Archiv der Kategorie: Unrechtssystem Kapitalismus

Präsident Weißrusslands bereits Mitglied beim Bündnis Seebrücke – bekommt er bald das Bundesverdienstkreuz?

Das Bündnis “Seebrücke” sollte jedem ein Begriff sein. Denn schließlich sind unter seinem Dach 267 Kommunen darin vereint, Flüchtlingen aus aller Welt ein menschenwürdiges Dasein zu sichern.

Bisher musste Seebrücke zur Verwirklichung seiner Ziele oft den gefährlichen Umweg über das Mittelmeer wählen. “Sea-Watch 3”“Open Arms” und “Ocean Viking” bzw. deren Besatzungen retten deswegen seit Jahren Flüchtlinge vor dem Ertrinken und übernehmen die verantwortungsvolle Aufgabe,  diese Menschen auf ihrem Weg in die Bundesrepublik Deutschland zu beraten.

Seebrücke definiert seine Ziele u.a. so, Zitat:

“Wir sind eine politische Bewegung, getragen vorwiegend von Einzelpersonen aus der Zivilgesellschaft. Jede*r, der*die unsere politischen Ziele unterstützt und sich beteiligen möchte, ist bereits Teil der Bewegung. Mit Demonstrationen und Protestaktionen auf dem Land und in der Stadt streiten wir mit unseren zahlreichen Lokalgruppen für eine solidarische und menschenrechtsbasierte Migrationspolitik – kurz: Weg von der Abschottung und hin zu Bewegungsfreiheit für alle Menschen!”

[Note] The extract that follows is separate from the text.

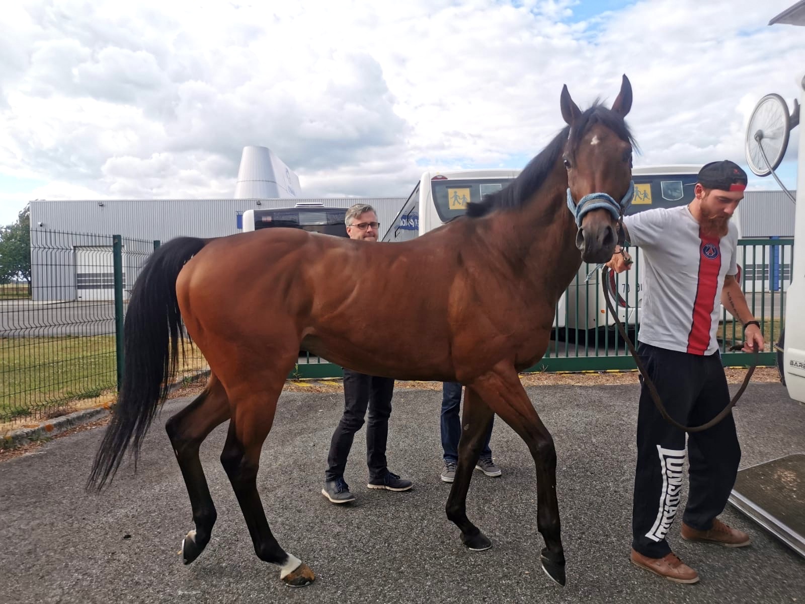 Boogie beim Umladen mit Adrien. Nach drei Wochen in der Boxe sieht er immer noch gut aus...

Seit kurzem engagiert sich der Präsident Weißrusslands Alexander Lukaschenko aufopferungsvoll im Sinne der politischen Ziele der “Seebrücke”. Herr Lukaschenko lässt Flüchtlinge nach Weißrussland  einfliegen und erspart ihnen so den gefährlichen Weg über das Meer. Dass der Mainstream dagegen hetzt und dieses honorige Handeln als “komplett skrupellos” einstuft, war zu erwarten. Schließlich kann es hier aber nicht darum gehen, die Flüchtlinge zum Spielball politischer Ränkespiele zu machen. Vielmehr muss die Gunst der Stunde genutzt, und so viele Flüchtlinge wie nur irgend möglich gerettet werden. Zusammen mit der katholischen Kirche wirkt Herr Lukaschenko über diplomatische Kanäle außerdem darauf hin, dass Polen den Flüchtlingen freies Geleit von der weißrussischen Grenze nach Deutschland gewährt.

Zweifellos ist der Präsident Weißrusslands damit Mitglied bei der “Seebrücke”.  Denn dort heißt es ja unmissverständlich: “Jede*r, der*die unsere politischen Ziele unterstützt und sich beteiligen möchte, ist bereits Teil der Bewegung.” Herr Lukaschenko kämpft zusammen mit der Seebrücke, der Bundeskanzlerin Merkel, dem Bundespräsidenten Steinmeier und Millionen deutscher Staatsbürger dafür, dass Deutschland endlich seine historische Schuld tilgt, und alle in irgendeiner Weise benachteiligten Menschen dieser Welt bei sich aufnimmt. Das Bundesverdienstkreuz ist Herrn Lukaschenko so gut wie sicher. Wer der Seebrücke spenden will, kann das gerne hier tun.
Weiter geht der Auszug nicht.